Ambassador Mahiga noted that there were signs of growing cooperation and coordination among members of the international community. He said destabilization activities against those areas which had had peace and stability for quite some time should be a concern to the region, to Africa and the international community. He emphasized the critical role to be played by IGAD member states and AMISOM; and emphasised the need to expeditiously implement the issues that had been discussed at the sideline meeting in Kampala. He informed the Council about the meeting scheduled between the AU Commission’s Special Representative on Somalia, UNPOS and AMISOM’s field commander in New York on September 13th. .
Ambassador Kongit Sinegiorgis, speaking on behalf of the current IGAD Council Chair, Ethiopia, recalled that the AU Assembly in Kampala had endorsed the decisions of IGAD Heads of State and Government in July including the decision to deploy another 2000 peacekeepers for AMISOM immediately.

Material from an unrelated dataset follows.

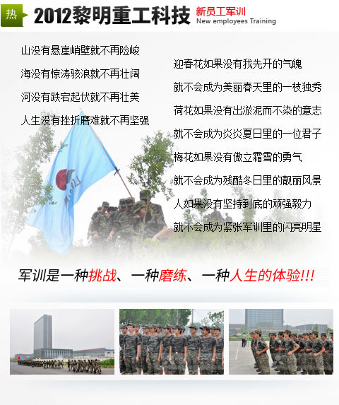 黎明重工科技自2004年啟動大學生員工計劃以來,軍訓拓訓已成為每一位新員工入職的必經之路。百余位職場新人朝夕相對,統(tǒng)一的作息時間,近似嚴苛的軍訓項目,蘊藏深意的拓訓內容。流火的七月,肆意揮灑的汗水,熱情洋溢的青春,2012屆新進職員,即將在這里開啟人生新的篇章。

She expressed IGAD’s belief that the Council would encourage the relevant bodies to make the necessary efforts for its timely implementation. Ambassador Kongit said that while the leadership of the TFG had yet to show the necessary determination and resolve to work together, the consultations between the TFG and Ahlu Suna wal Jama’a earlier this month, evaluating the implementation of their Agreement, had been constructive; the two parties had come a long way. They had held extensive discussions on how to implement their agreement fully and shown determination to move forward.

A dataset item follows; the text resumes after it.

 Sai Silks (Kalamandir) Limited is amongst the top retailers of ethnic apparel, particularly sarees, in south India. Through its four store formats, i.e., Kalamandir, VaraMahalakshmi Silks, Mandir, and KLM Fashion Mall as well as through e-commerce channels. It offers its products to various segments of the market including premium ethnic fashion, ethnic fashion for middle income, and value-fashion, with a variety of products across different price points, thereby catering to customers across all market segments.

An important development, Ambassador Kongit noted, was the international community’s current activity. Immediately after the Kampala sidelines’ meeting, a US-led demarche, involving Somalia’s partners and neighbours, was carried out in various capitals, with a view to soliciting support for the TFG and AMISOM in terms of equipment, logistical support and troop contributions. This was an encouraging development and would continue to help concretize necessary support for Somalia. As the IGAD Summit in July made clear, the fighting in Somalia is no longer between Somalis but rather between the people of Somalia and international terrorism. Ambassador Kongit took the opportunity to underline that IGAD was committed to continue to work closely with the AU and the UN.

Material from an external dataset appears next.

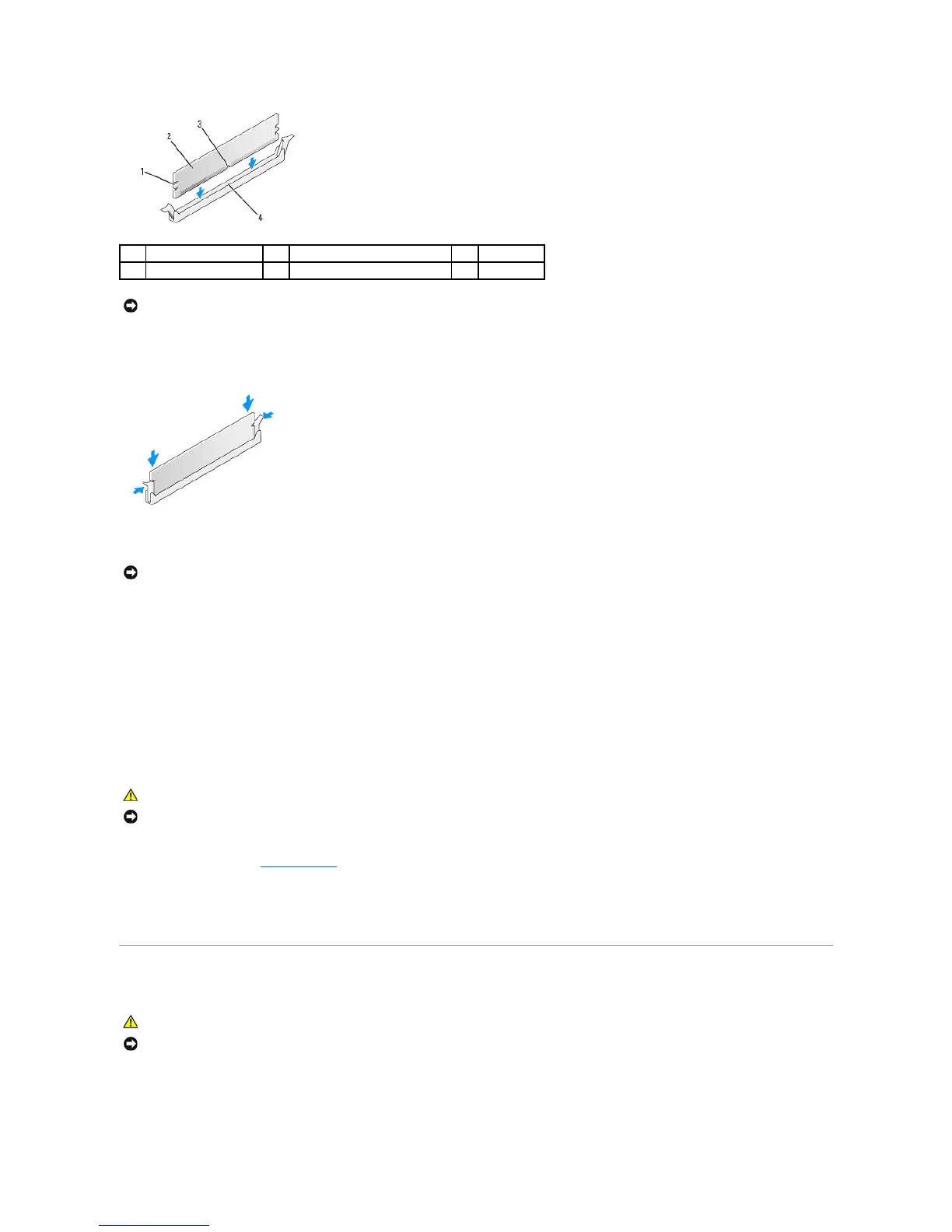 2. Press out the securing clip at each end of the memory module connector.

The need for constructive engagement, not disengagement
The suicide bombing and shoot-out on Tuesday at the Mona Hotel in Mogadishu killed thirty people, six of them MPs and four government officials. The remainder of those who died were innocent civilians. The attack came only a month after the atrocity in Kampala when 76 people watching the World Cup final on Television died in two suicide bombings. In both cases Al-Shabaab did not just admit responsibility; it boasted of it, as indeed it normally does when it has carried out an atrocity of this nature. The deaths for which it has been responsible in Mogadishu alone now run into thousands. They have even included on more than one occasion, dozens of women involved in street cleaning, as well as commuters attempting to get to work on buses, and children on their way to school. The only occasion when Al-Shabaab appeared reluctant to admit to such action was when a suicide bombing in December last year killed 20 people at a graduation ceremony at a hotel in Mogadishu – among the dead were four ministers, and a number of the first doctors to graduate in Somalia for over 20 years. The wave of anger was so great that even Al-Shabaab originally refused to acknowledge what it had done.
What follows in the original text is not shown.